In Massachusetts, hardship licenses are sometimes issued during the term of a license suspension, to allow a person whose license is suspended to drive for 12 hours each day, so that he or she can go to work, school, or medical appointments and run household errands. These are only the reasons for issuance. Once a Massachusetts Hardship License is issued, it can be used for any purpose, so long as the driver is operating within the established 12 hour period. Massachusetts hardship licenses are also known as work licenses, 7 to 7s, or Cinderella licenses. All of these terms mean the same thing, a license which is valid only for certain hours, because a suspension or revocation is in effect.
There are two sources for hardship licenses in Massachusetts: the Registry of Motor Vehicles and the Division of Insurance Board of Appeal. The Registry only issues hardship licenses for DUI, habitual traffic offender, and drug-related suspensions. All other hardship licenses, such as those issued for false license suspensions, must come from the Board of Appeal. In addition to being able to issue hardship licenses for operating under the influence, drug, and habitual traffic offender revocations, the Board also sometimes issues licenses for 7 surchargable event suspensions, no liability policy, JOL speeding, and some of the other approximately 65 types of license suspensions. It is also possible to get a hardship license from the Board of Appeal if the Registry denies issuance.

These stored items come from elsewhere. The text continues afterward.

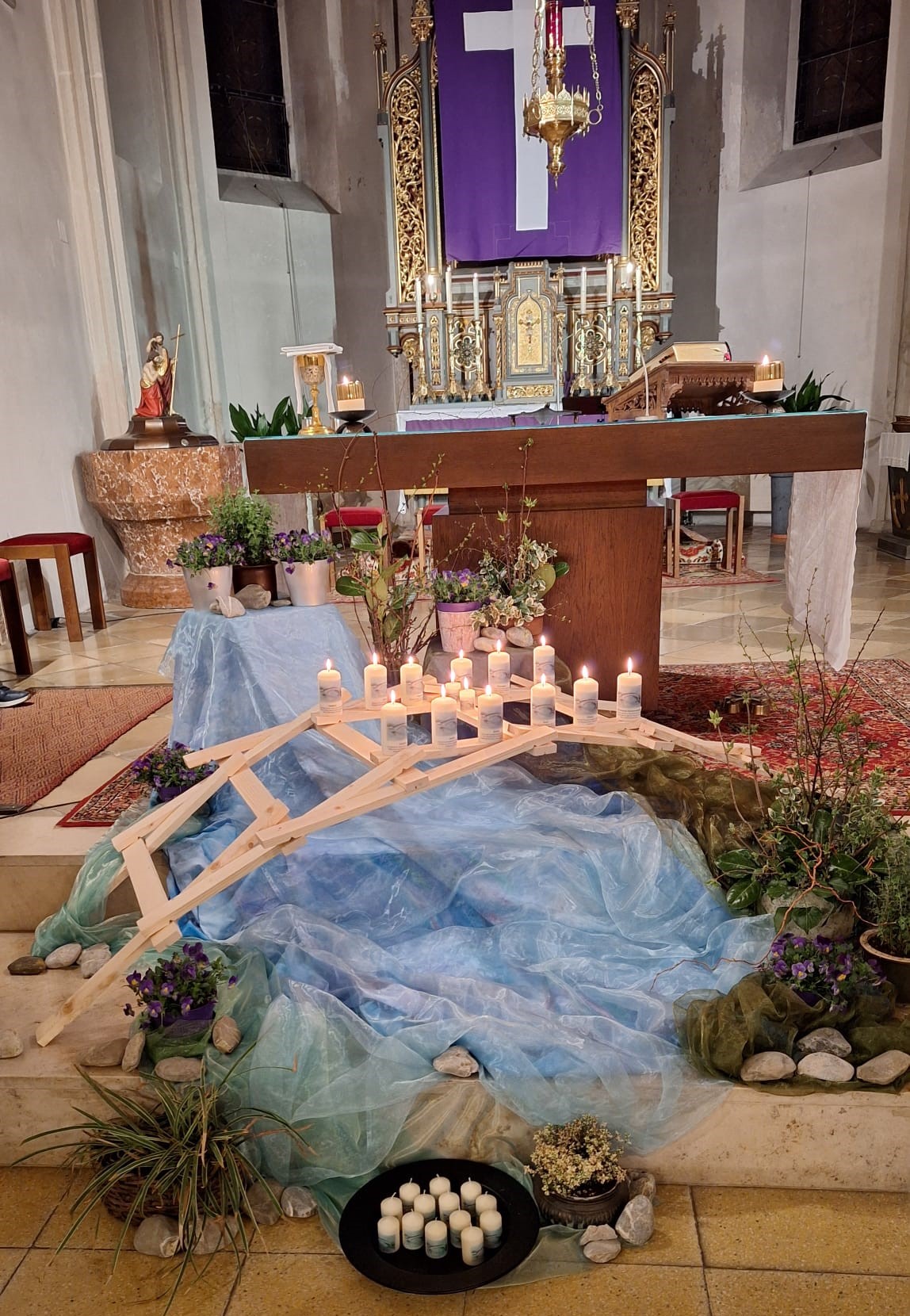 HAFNERBACH - Am 21. März wurde im Rahmen der Vorabendmesse der Gottesdienst für trauernde Angehörige unter dem Motto "Eine Brücke der Liebe und Erinnerung gefeiert". Diese Brücke stellt symbolisch die Verbindung zwischen den Lebenden und den Verstorbenen dar. Die Trauer ist ein Hin- und Hergehen auf dieser Brücke, ein Hinübergehen in ein Land, das man noch nicht kennt, sich nicht vorstellen kann und ein Herübergehen in das Land der Vergangenheit/Erinnerung wo man mit dem lieben Verstorbenen beisammen war.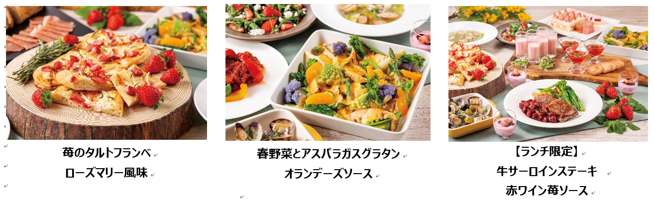 苺のタルトフランベ ローズマリー風味、春野菜とアスパラガスグラタン オランデーズソース、千葉県産スズキとアサリのマリニエール レモン風味、オムライスコーナー、苺と水菜のサラダ カッテージチーズ、苺のババロア、苺とヨーグルトのスムージー エルダーフラワーの香り、苺のショートケーキ、苺のバームクーヘン、苺のレアチーズケーキなど 40種類以上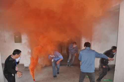 演練開始,信號組在得到演練命令后,立即發(fā)出火警訊號。同時(shí)在各個(gè)指定點(diǎn)放啟煙霧彈,樓梯道和走廊瞬間濃煙滾滾,各演練組在聽到逃生訊號后,在逃生組長的的組織下,迅速有序地從車間里往車間外疏散,每人用濕毛巾捂住嘴巴,彎腰匍匐前進(jìn),按規(guī)定的順序出了車間后分別從中線(沿樓梯道)和南線(沿走廊)繼續(xù)疏散,最后沖出煙區(qū)。救援組的人員跟隨疏散途中搶救了一名受傷人員(專人份演),在煙霧中,他們抬著擔(dān)架將傷員救出,到達(dá)指定地點(diǎn)集中,最后一名員工到達(dá)指定集合地點(diǎn)的時(shí)間是1分17秒。
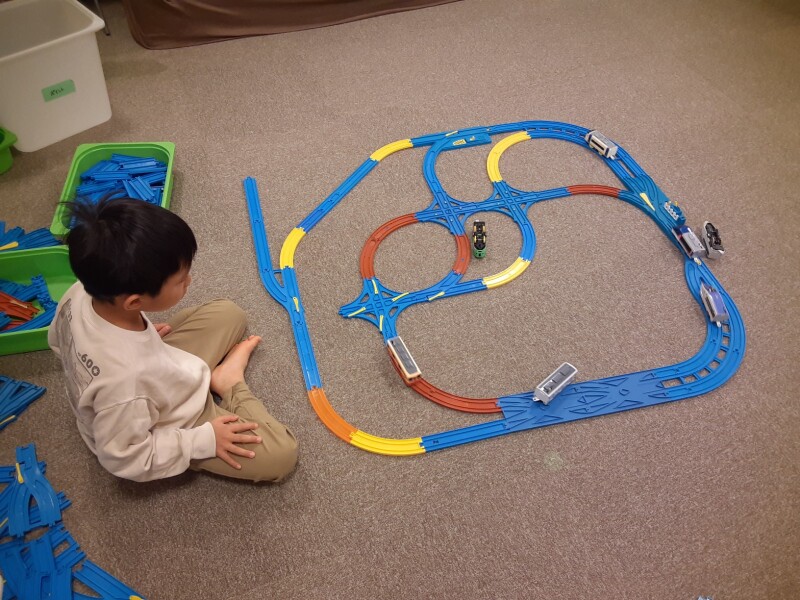 プラレール運転手ごっこで盛り上がり、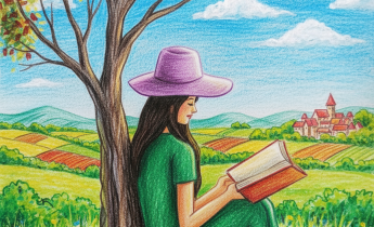 This poem shows a girl happily reading under a tree on a sunny day. Her dress and hat match the beauty around her as her imagination soars with each page. It highlights the quiet adventures and dreams found in books… Read More ›

However, it is more difficult to get a license from the Board once the Registry has said no.
Those denied a hardship license from the Board of Appeal have the right to appeal to Superior Court. However, these superior court hardship license appeals are almost always losers. In fact, there is not one reported decision where a superior court judge reversed the Board of Appeal in a Massachusetts Hardship License case. This means that, for all intents and purposes, the Board of Appeal is the court of last resort.
Board of Appeal hearings are formal proceedings requiring sworn testimony and documentary evidence. They are recorded and conducted in accordance with certain rules of practice and procedure, so as to insure fairness and a certain level of decorum. There are three members on the Board of Appeal and a 2/3 majority is required to obtain a DUI hardship or other Massachusetts Hardship License.
Whether from the Board of Appeal or the RMV, applying for a hardship license requires preparation. Timing is critical and trying to get a hardship license too early might mean that you lose your chance to get one and you will have to serve the entire length of your suspension, with no possibility of hardship relief. Therefore, going in for a hardship license before you have served enough time, or without adequate documentary evidence, can be a huge mistake.
An attempt to get a hardship license begins with a thorough and detailed review of your Massachusetts Driving Record, which can be downloaded from the RMV website. The record must be analyzed to see if there are any “showstoppers” on your record which must be addressed prior to applying. Next, any outstanding financial obligations such as unpaid citations, traffic tickets, child support, fast lane fines, and parking tickets must be paid and a release recorded. Traffic School, such as the National Safety Council Driver Re-Training Program, Alive at 25, or the Attitudinal Dynamics of Driving might have to be completed. Any outstanding warrants or open criminal cases must be addressed. National Driver Register (NDR) out of state issues may need to be cleared. Once the first step of the driving record analysis is done, calculations must be made to see when you are able to apply for a hardship license. Applying too early may result in forfeiture of your right to apply. This means that you will have to serve our entire suspension period.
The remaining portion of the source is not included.